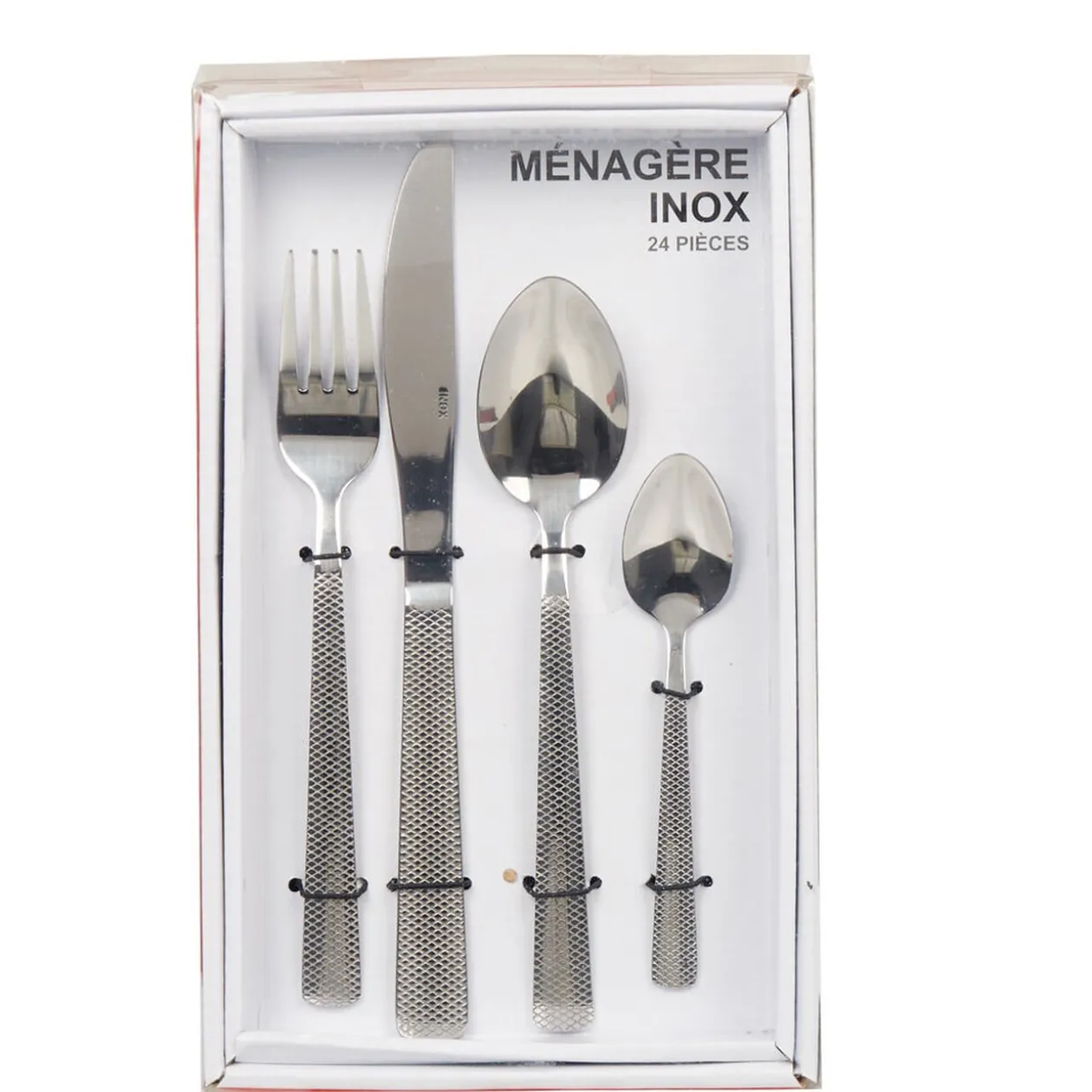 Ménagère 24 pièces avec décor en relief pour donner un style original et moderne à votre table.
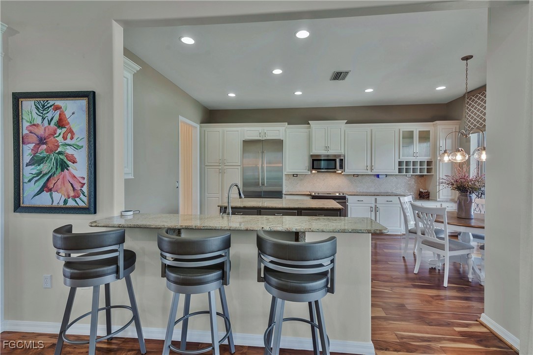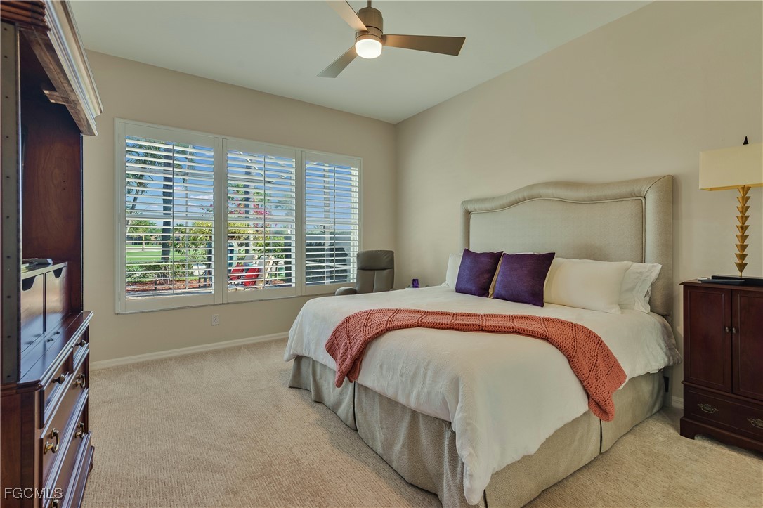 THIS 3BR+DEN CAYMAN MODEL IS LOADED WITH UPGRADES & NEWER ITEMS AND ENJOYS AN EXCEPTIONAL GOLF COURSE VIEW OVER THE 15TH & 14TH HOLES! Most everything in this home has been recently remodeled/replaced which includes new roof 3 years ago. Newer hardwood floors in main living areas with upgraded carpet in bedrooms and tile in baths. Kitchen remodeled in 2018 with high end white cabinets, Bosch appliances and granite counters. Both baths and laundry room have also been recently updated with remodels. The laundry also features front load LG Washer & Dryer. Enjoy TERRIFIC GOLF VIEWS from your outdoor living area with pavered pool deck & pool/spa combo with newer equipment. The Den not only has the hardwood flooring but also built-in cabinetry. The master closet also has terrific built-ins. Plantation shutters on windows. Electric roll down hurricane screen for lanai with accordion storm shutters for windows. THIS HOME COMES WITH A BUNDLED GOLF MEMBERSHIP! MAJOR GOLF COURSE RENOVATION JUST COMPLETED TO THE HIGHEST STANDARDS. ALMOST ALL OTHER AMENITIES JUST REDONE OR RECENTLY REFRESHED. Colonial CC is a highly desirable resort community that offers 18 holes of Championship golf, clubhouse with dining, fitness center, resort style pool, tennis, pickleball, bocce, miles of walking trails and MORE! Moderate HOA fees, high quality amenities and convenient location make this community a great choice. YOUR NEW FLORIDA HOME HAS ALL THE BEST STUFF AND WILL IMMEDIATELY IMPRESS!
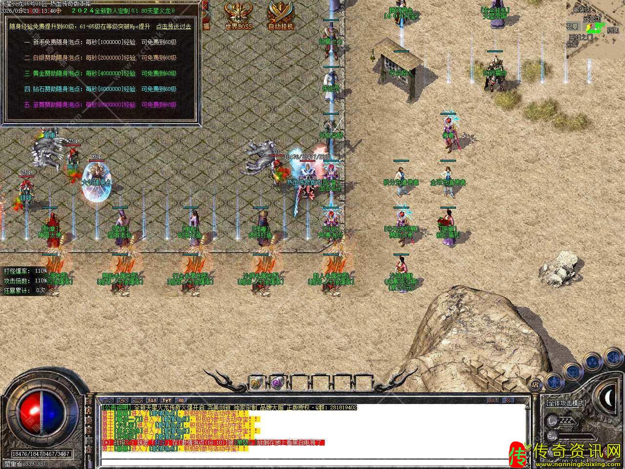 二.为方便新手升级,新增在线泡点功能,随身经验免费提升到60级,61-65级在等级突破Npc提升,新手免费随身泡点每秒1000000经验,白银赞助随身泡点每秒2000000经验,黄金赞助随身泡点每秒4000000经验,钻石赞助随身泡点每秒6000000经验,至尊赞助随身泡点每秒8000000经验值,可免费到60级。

· · ·

### What is required
The pictures should not be reproduced; quote all of the other material exactly.

### Answer for this exercise
 Ménagère 24 pièces avec décor en relief pour donner un style original et moderne à votre table.
 THIS 3BR+DEN CAYMAN MODEL IS LOADED WITH UPGRADES & NEWER ITEMS AND ENJOYS AN EXCEPTIONAL GOLF COURSE VIEW OVER THE 15TH & 14TH HOLES! Most everything in this home has been recently remodeled/replaced which includes new roof 3 years ago. Newer hardwood floors in main living areas with upgraded carpet in bedrooms and tile in baths. Kitchen remodeled in 2018 with high end white cabinets, Bosch appliances and granite counters. Both baths and laundry room have also been recently updated with remodels. The laundry also features front load LG Washer & Dryer. Enjoy TERRIFIC GOLF VIEWS from your outdoor living area with pavered pool deck & pool/spa combo with newer equipment. The Den not only has the hardwood flooring but also built-in cabinetry. The master closet also has terrific built-ins. Plantation shutters on windows. Electric roll down hurricane screen for lanai with accordion storm shutters for windows. THIS HOME COMES WITH A BUNDLED GOLF MEMBERSHIP! MAJOR GOLF COURSE RENOVATION JUST COMPLETED TO THE HIGHEST STANDARDS. ALMOST ALL OTHER AMENITIES JUST REDONE OR RECENTLY REFRESHED. Colonial CC is a highly desirable resort community that offers 18 holes of Championship golf, clubhouse with dining, fitness center, resort style pool, tennis, pickleball, bocce, miles of walking trails and MORE! Moderate HOA fees, high quality amenities and convenient location make this community a great choice. YOUR NEW FLORIDA HOME HAS ALL THE BEST STUFF AND WILL IMMEDIATELY IMPRESS!
 二.为方便新手升级,新增在线泡点功能,随身经验免费提升到60级,61-65级在等级突破Npc提升,新手免费随身泡点每秒1000000经验,白银赞助随身泡点每秒2000000经验,黄金赞助随身泡点每秒4000000经验,钻石赞助随身泡点每秒6000000经验,至尊赞助随身泡点每秒8000000经验值,可免费到60级。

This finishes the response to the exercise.